── ENTRIES PROVIDED

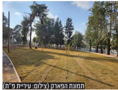
תמונת הפארק

בפארק חדש שנבנה בימים אלו ברחוב ארלוזורוב בסמוך לגן יהונתן ופארק יד לבנים, ינצחו את שמו של סא"ל עמנואל מורנו ז"ל
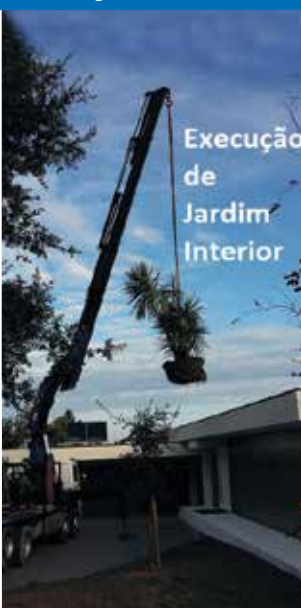
Execução de Jardim Interior
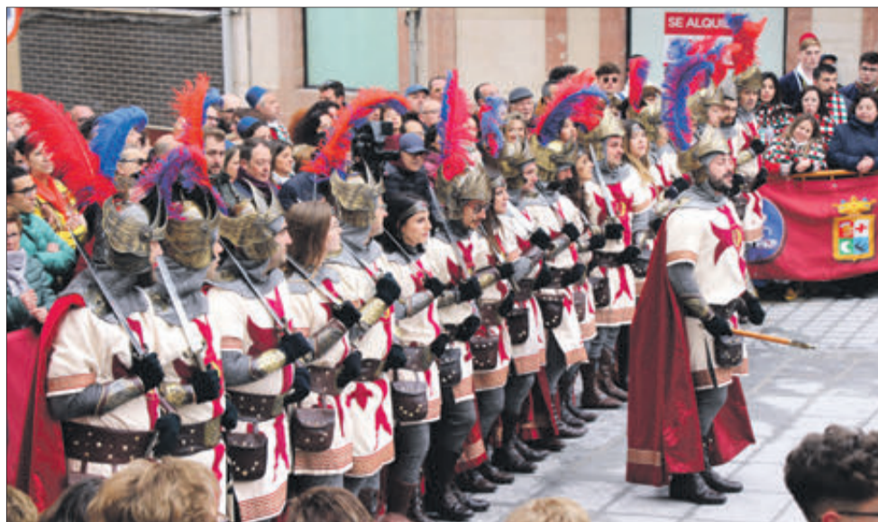
Els Jordians, segons en la Diana.

AMB PREMIS PER A MOROS VELLS, JORDIANS I MARROCS
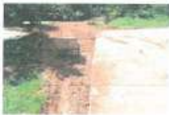
ก่อนดำเนินการ

๒๐.โครงการก่อสร้างถนนคอนกรีตเสริมเหล็กบ้านนาหัวช้าง หมู่ ๔ สายบ้านนาสูงหิน แสนศรี - บ้านนางจุติมา ศรีประภา
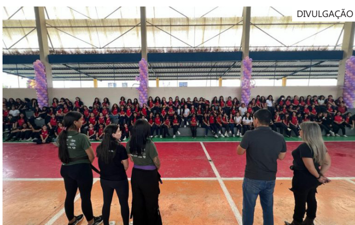
Projeto da Sedel visa empoderar estudantes e levar técnicas de segurança e prevenção ao ambiente escolar

Na tarde desta terça-feira (02/06), às alunas, que participaram do Curso de Defesa Pessoal Feminina nas Escolas receberam certificados durante a Ação Integrada da Rede de Proteção da Criança e do Adolescente do Governo do Amazonas no Ceti Gilberto Mestrinho de Medeiros Raposo.
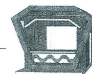
ซุ้มทรงเพชรที่ 3
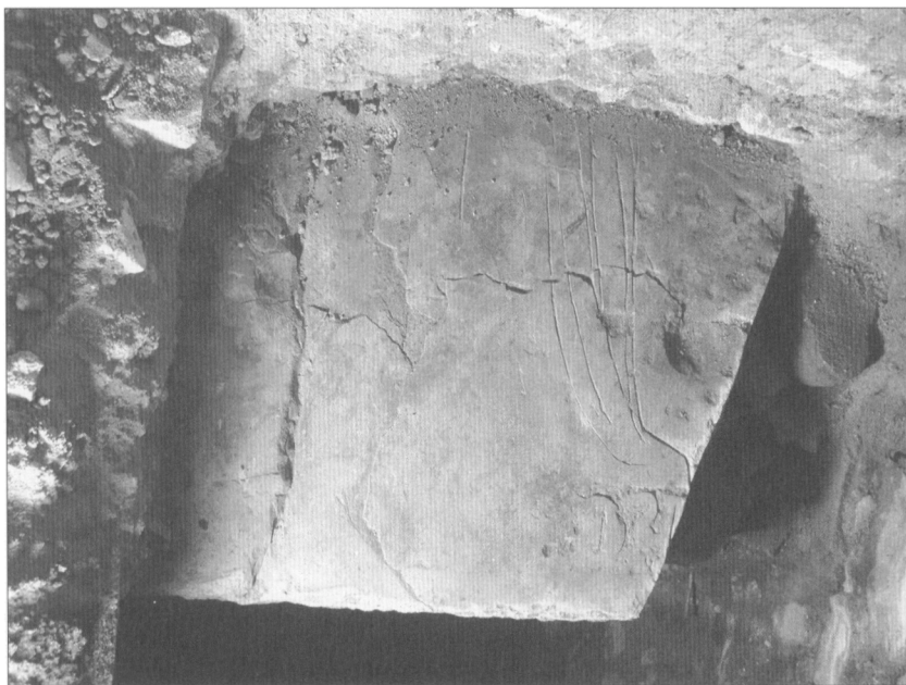
Obr. 5. Torzo náhrobní desky z jižního ramene ambitu, vlevo keramické dlaždice.

Ostatní náhrobníky náležejí již k pohřbům významných měšťanů nebo měšťanských rodů. Druhý exemplář desky nad hrobkou je vytesán ze sliveneckého mramoru a má dochovaný rozměr 143×90 cm při síle desky 11 cm, při čemž šířka je kompletně dochovaná. Uražená horní část obsahuje část nápisu humanistickou majuskulou s datem 1602, ve spodní partii je štípený erb s polovinou orlice v pravé části a trojicí břeven v lehkém pokosu v levé. Podle erbu se jedná o rodový znak Turků z Rozenthalu v provedení před jeho polepšením v roce 1649 (Fiala–Hrdlička–Županič 1997, 121–124, obr. 88), tedy ve formě, kterou známe i z nedávného nálezů torza malované láhve, pocházející z domu U Vejvodů, sídla tehdejšího staroměstského primátora Mikuláše Františka Turka ze Šturmfeldu a Rozenthalu (Dragoun–Dragoun 2005, 107, 109). Dva dochované otvory pro zakotvení úchytů sloužících k vyzvedávání desky včetně žlábků pro zapadnutí k tomuto účelům používaných kovových kruhů jsou v dolní části náhrobníku, zbývající dva byly zjevně v nyní odlomené partii. Ani tato deska svými rozměry neodpovídá zmíněné kryptě v rohu lodi.
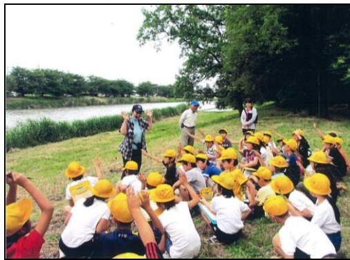
よみがえれ元荒川の会(蓮田市)による環境学習の様子

県では、川の国応援団を中心とした団体同士の「共助による川の再生」を推進するため、団体情報の発信や情報共有などの支援を行っています。
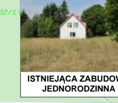
ISTNIEJĄCA ZABUDOWA JEDNORODZINNA
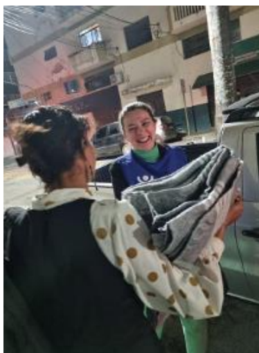
Figura 31 - Ação solidária voluntários Sede – “Com Amor, Doe um Cobertor e Aqueça o seu Coração” (Programa Voluntários, CEMAPA: Centro Municipal de Acolhimento Provisório para Adultos, arquivo próprio em julho de 2023).
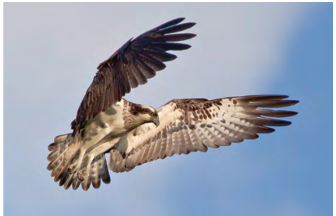
...und ein Fischadler sucht die Wasseroberfläche rüttelnd nach Fischbeute ab.
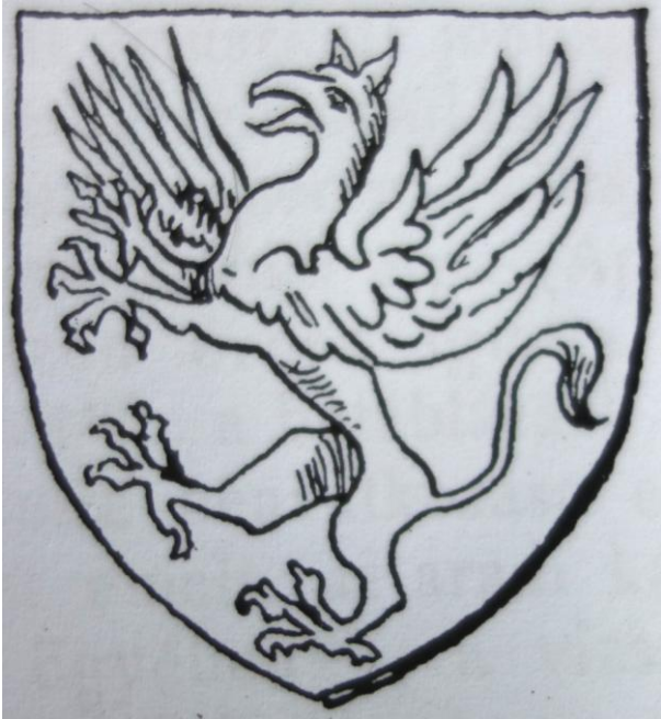
III. Stema Losonczy: scut francez medieval, triunghiular, cu flancurile rotunjite, încărcat cu un grifon 484 .

────

* WHAT THIS TASK INVOLVES:
The output consists of exactly the lines from the one containing "ISTNIEJĄCA ZABUDOWA JEDNORODZINNA" through the last line of the listing, both included, with no pictures.

* SOLUTION BELOW:
ISTNIEJĄCA ZABUDOWA JEDNORODZINNA
Figura 31 - Ação solidária voluntários Sede – “Com Amor, Doe um Cobertor e Aqueça o seu Coração” (Programa Voluntários, CEMAPA: Centro Municipal de Acolhimento Provisório para Adultos, arquivo próprio em julho de 2023).
...und ein Fischadler sucht die Wasseroberfläche rüttelnd nach Fischbeute ab.
III. Stema Losonczy: scut francez medieval, triunghiular, cu flancurile rotunjite, încărcat cu un grifon 484 .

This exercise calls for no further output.